Perusahaan e-commerce, PT Bukalapak.com dikabarkan memasang target penghimpunan dana lebih dari US$ 1 miliar atau setara Rp 14,58 triliun dari penerbitan saham baru alias initial public offering (IPO). Target tersebut, lebih tinggi 25% dari target dana yang diincar sebelumnya, sekitar US$ 800 juta atau Rp 11,2 triliun.
Kenaikan bidikan dana tersebut karena indikasi permintaan investor yang kuat untuk IPO unicorn teknologi pertama di Bursa Efek Indonesia. Target dana baru tersebut, seperti disampaikan oleh dua sumber yang mengetahui soal rencana ini kepada Reuters.
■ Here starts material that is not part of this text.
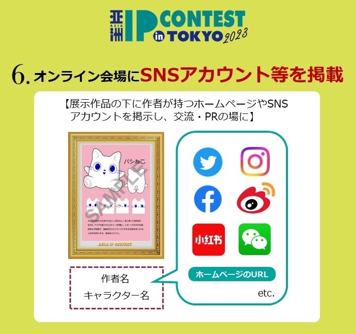 オンライン会場には全ての応募作品が展示されます。今回は多くの企業、クリエイターに見られる場だからこそ、作品に参加クリエイターのSNSやホームページをもれなく掲載し、ビジネスチャンスへ繋げることもできます。
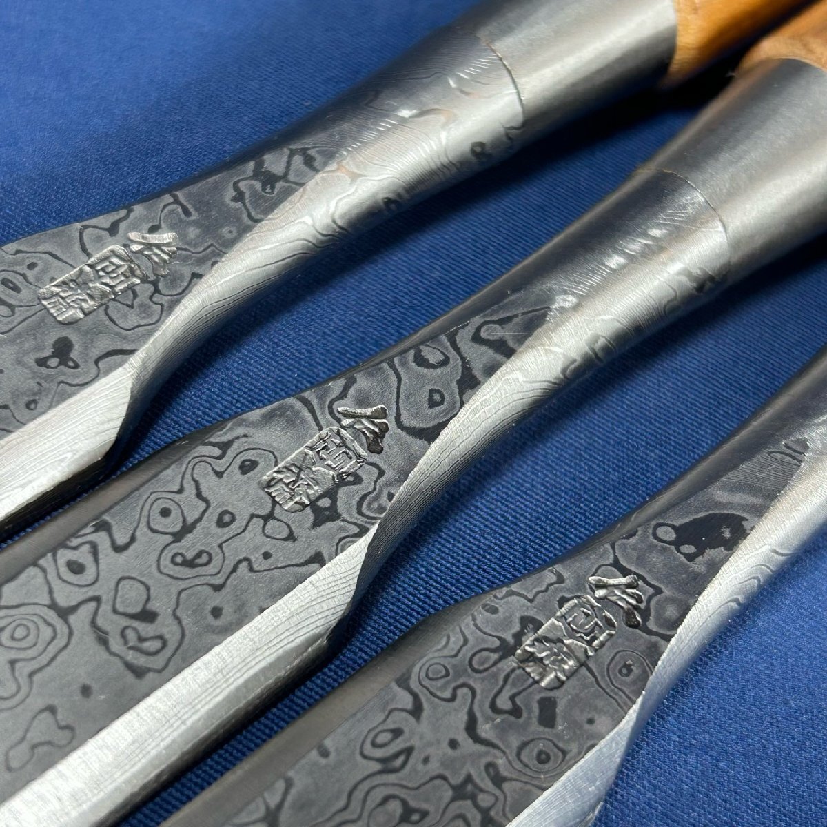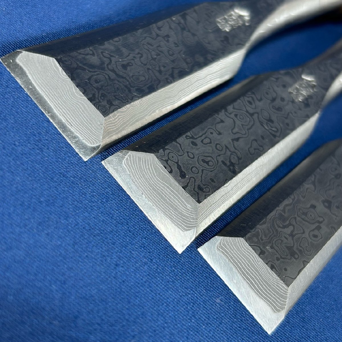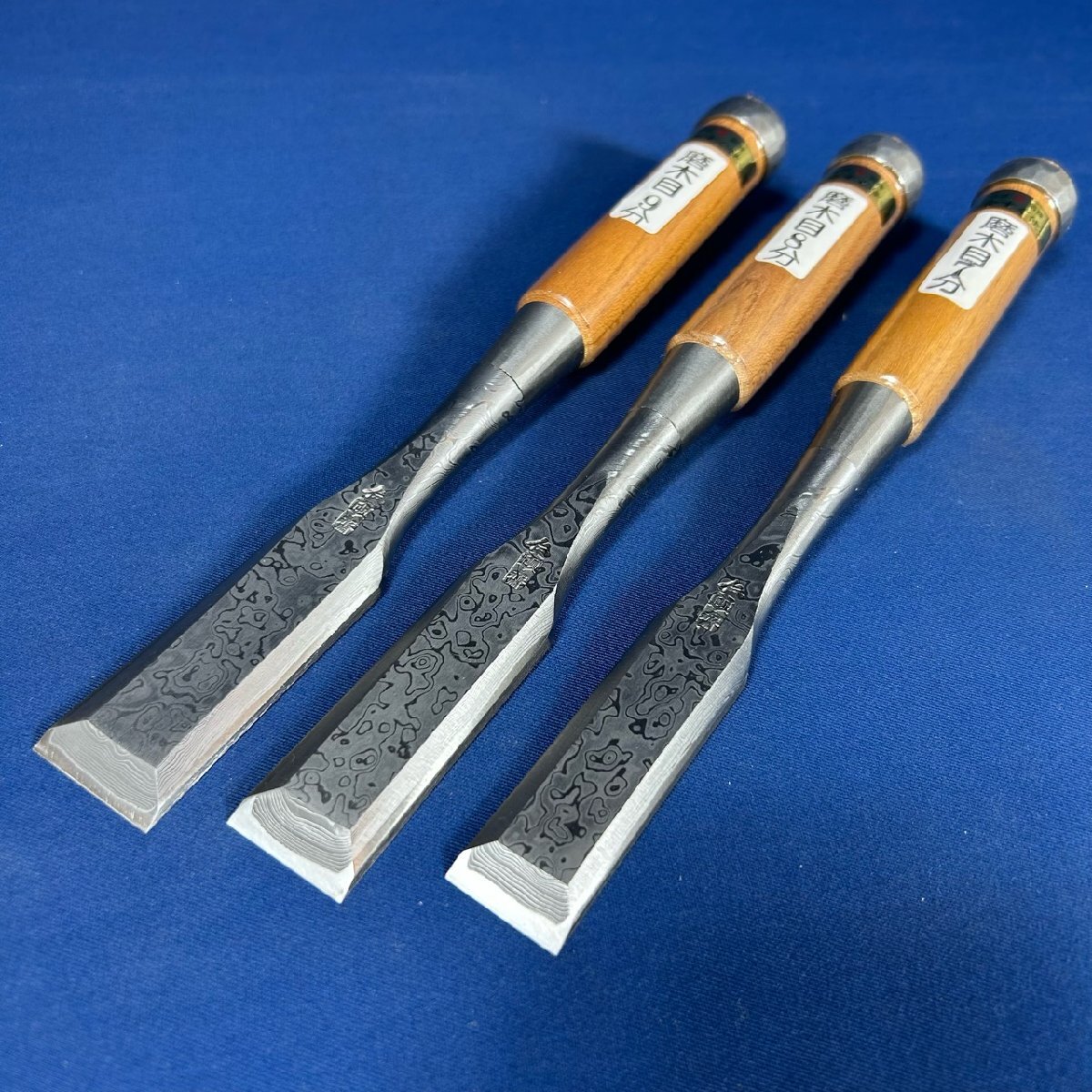 ◆明夫氏が中々製作しない『磨き木目 脇差し鑿』の3本組です。

Bukalapak, yang menghitung investor GIC dan Microsoft di antara pendukungnya, akan menjadi IPO lokal terbesar dalam 13 tahun terakhir. Bahkan, IPO ini bisa menjadi yang terbesar oleh startup di negara Asia Tenggara.
Target IPO yang diperluas menunjukkan, investor tertarik untuk mendapatkan penawaran sektor teknologi yang relatif langka di wilayah yang menawarkan kelas konsumen berkembang.
Sumber itu mengatakan, permintaan investor terhadap saham Bukalapak, terutama berasal dari dana lokal dan regional. Meski begitu, dikabarkan minat juga datang dari investor Amerika Serikat yang berfokus pada teknologi.
Nilai IPO jumbo tersebut, juga bisa memenuhi kebutuhan pendanaan Bukalapak akan modal. Pasalnya, Bukalapak tengah mengejar pertumbuhan yang cepat.
Sumber Reuters yang tidak mau disebutkan namanya tersebut mengatakan, pembentukan buku untuk IPO Bukalapak dikabarkan akan dibuka minggu ini selama sekitar 10 hari dan akan diikuti oleh pencatatan pada Agustus.
Investment Information Head Mirae Asset Sekuritas Roger menilai IPO unicorn memang berpotensi memunculkan minat besar investor ritel melakukan investasi. Namun, untuk saat ini minat tersebut masih belum banyak.
Berdasarkan hasil pengecekannya di lapangan kepada nasabah Mirae Asset, peminat investasi di unicorn masih belum terlalu banyak. Ada sejumlah alasan, yang membuat investor ritel masih mengurungkan minarnya tersebut, salah satunya terkait dengan harga penawaran saham IPO.
"Jadi, itu juga menjadi pertimbangan dalam hal sisi harga, apakah nanti di IPO dijual dengan harga mahal atau bisa terjangkau oleh ritel," kata Roger.
Harga penawaran tersebut penting untuk menilai apakah harga saham unicorn ini tergolong mahal atau murah. Pasalnya, melihat dari kinerja keuangan saham-saham di sektor teknologi saat ini, banyak dari emiten yang masih mencatatkan kinerja yang negatif.
Dalam dokumen mini expose Bukalapak terkait proses penawaran saham perdana atau Initial Public Offering (IPO) yang diperoleh Katadata.co.id, Bukalapak menyertakan laporan keuangan 2020.
Berdasarkan laporannya, Bukalapak diketahui masih membukukan kerugian Rp 1,34 triliun sepanjang 2020. Meski begitu, kerugian menurun hingga 51,75% dari rugi yang dialami 2019 sebesar Rp 2,79 triliun.
Salah satu penyokong penurunan rugi tersebut karena Bukalapak mampu membukukan pendapatan bersih Rp 1,35 triliun sepanjang 2020. Pendapatan tersebut mampu meroket hingga 25,56% dari periode 2019 sebesar Rp 1,07 triliun.